▶ [DATA PROVIDED]:
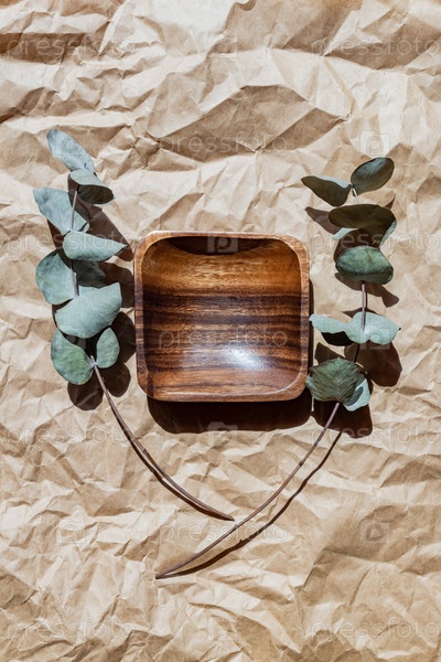 Квадратный деревянный подиум и ветка эвкалипта на бумажном фоне. Макет натурального продукта с миской и зелеными листьями. Современная эко косметическая реклама. Презентация красоты. Вид сверху
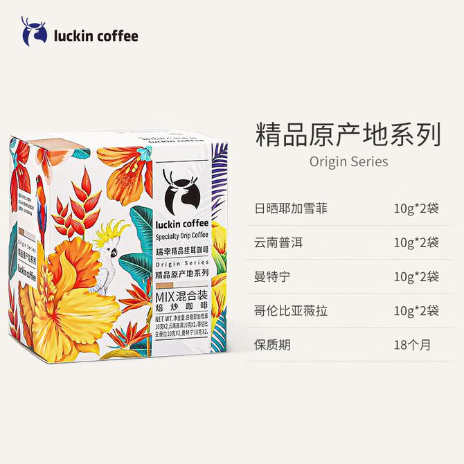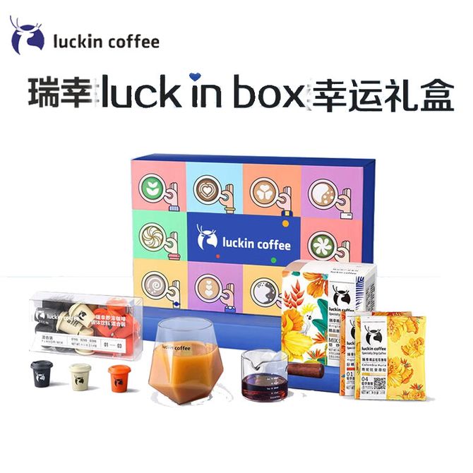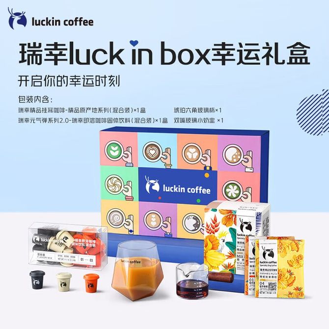 "瑞幸咖啡luckinbox幸运礼盒(挂耳咖啡*1元气弹咖啡*1六角玻璃杯*1小奶盅*1
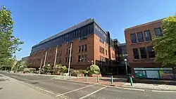 The council is based at Thurrock Town Hall on New Road in Grays.[58] When the council was created in 1974 it used the former offices of the Thurrock Urban District Council in a converted house called Farley and adjoining buildings around the junction of Whitehall Lane and Palmers Avenue in Grays.[59] In 1986 the council built itself a new headquarters at the corner of New Road and Derby Bridge Road in the centre of Grays.[60] The building has subsequently been extended westward along New Road with a large central block added in 1992 and a new wing at the corner of New Road and High Street completed in 2022.[61][62]
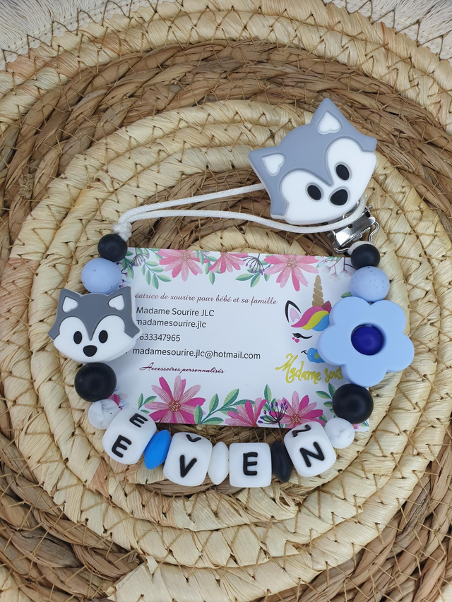 Respect des normes CE, composée de perles silicone alimentaire et/ou bois naturel.
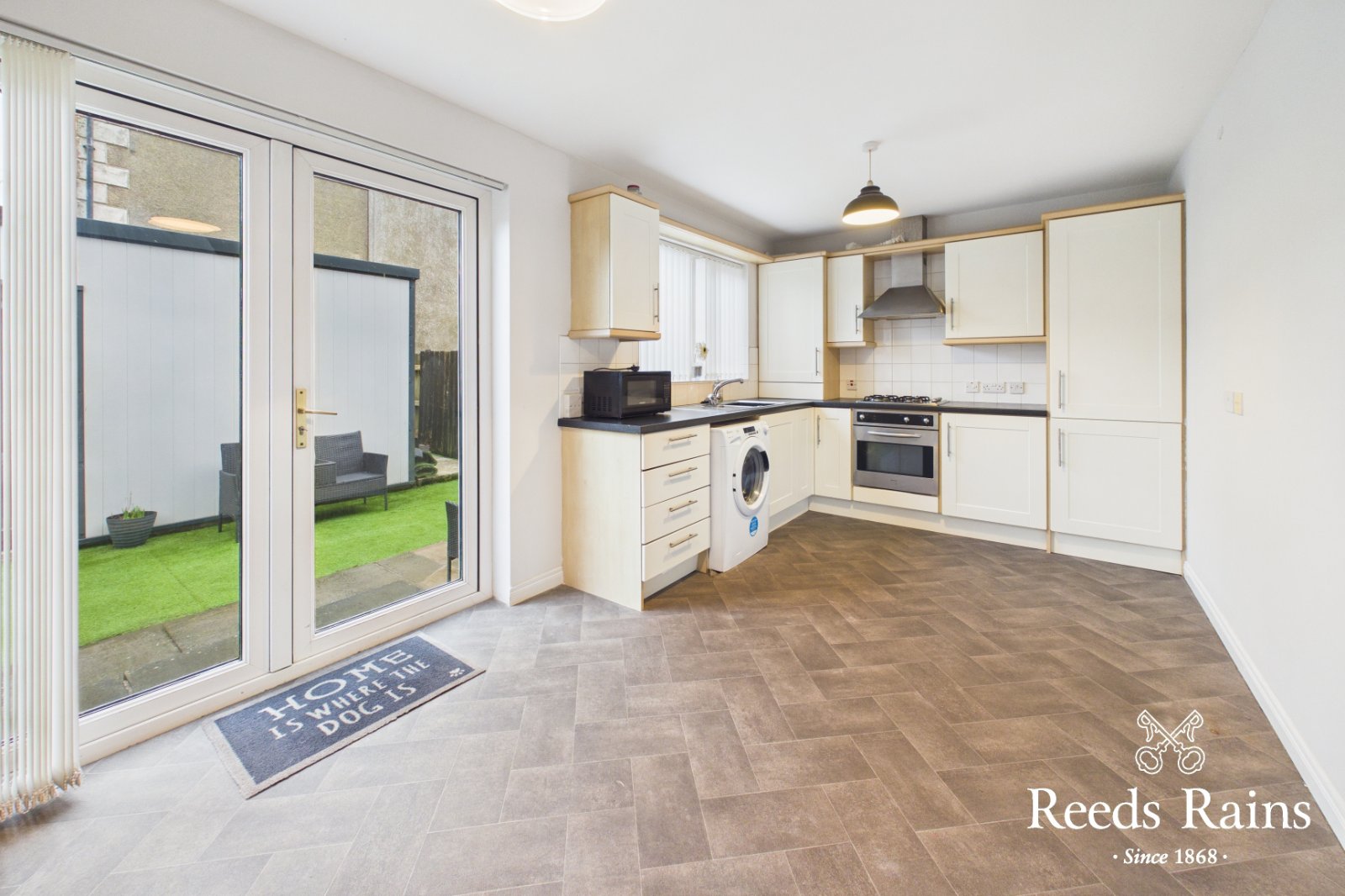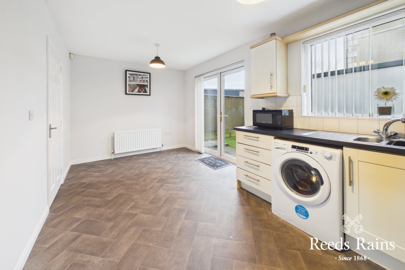 Superb range of high and low level units with complimentary worktops. One and half bowl stainless steel sink and drainer unit. Built in electric oven, 4 ring gas hob and stainless steel extractor hood. Washing machine included. Space for fridge freezer. Tiled splash back to kitchen walls. Generous space allowing for an informal dining area. PVC double French patio doors leading to rear garden.

▶ [WORK INSTRUCTION]: What the answer must hold is the exact text of every line from the one containing "The council is" through the end of the data, minus any pictures.

▶ [OUTPUT BELOW]:
 The council is based at Thurrock Town Hall on New Road in Grays.[58] When the council was created in 1974 it used the former offices of the Thurrock Urban District Council in a converted house called Farley and adjoining buildings around the junction of Whitehall Lane and Palmers Avenue in Grays.[59] In 1986 the council built itself a new headquarters at the corner of New Road and Derby Bridge Road in the centre of Grays.[60] The building has subsequently been extended westward along New Road with a large central block added in 1992 and a new wing at the corner of New Road and High Street completed in 2022.[61][62]
 Respect des normes CE, composée de perles silicone alimentaire et/ou bois naturel.
 Superb range of high and low level units with complimentary worktops. One and half bowl stainless steel sink and drainer unit. Built in electric oven, 4 ring gas hob and stainless steel extractor hood. Washing machine included. Space for fridge freezer. Tiled splash back to kitchen walls. Generous space allowing for an informal dining area. PVC double French patio doors leading to rear garden.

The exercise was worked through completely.